Do you know why there are so many snack discount stores, near-expiry shops, imported snack warehouses, and couple convenience stores at various intersections in China? They are not just for cash flow business; they also need to ensure profits. In fact, the most important function is to de-brand and de-internationalize. They are naturally suited to act as "brand diluters." Because many beverages and snacks also have genuine and pirated versions, domestic and American versions.


They are not constrained by the unified channels, brand authorization, or display agreements like traditional supermarkets. They mix parallel imports, leftover stock, near-expiry items, overseas versions, small factory OEMs, border-edge packaging, regional private labels, channel cross-stocking, and different authorizations under the same trademark. But in reality: different formulas, different factories, different channels, different legal entities, different quality standards. If you don’t look carefully, you might assume they are the same international brand.

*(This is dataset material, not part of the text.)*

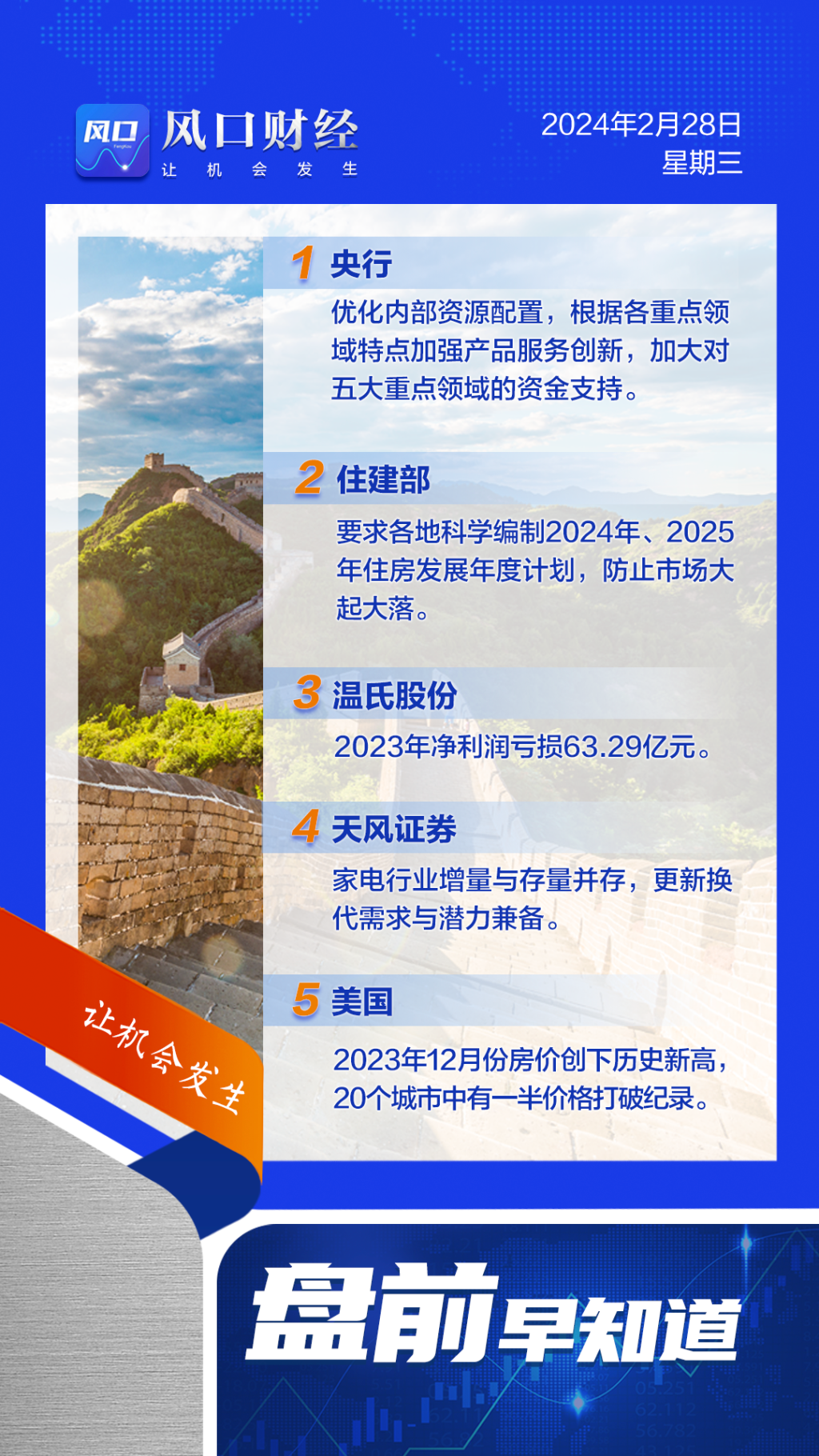 A股盘前:央行将加大对五大重点领域资金支持;住建部要求各地科学编制今明两年住房发展年度计划

These stores can sell snacks that large supermarkets dare not sell at low prices. It looks like you’re buying Coca-Cola, but in fact, the name is the same, and the trademark is the same. So, when you drink beverages in the future, you need to consider not only the brand but also the version and authenticity. Because most people will only interpret it as: consumption downgrade, cheap, involution, snack freedom. But behind it is actually: the global brand system, channel system, and authorization system being gradually flattened in a highly circulating market.
Therefore, when a society emphasizes circulation efficiency, employment stability, cash flow, and low-cost supply, the maintenance of brand uniformity, channel order, and intellectual property boundaries is easily deprioritized. But remember, there will always be “settling accounts after autumn,” often after a phase of changing goals, a reassertion of order and control.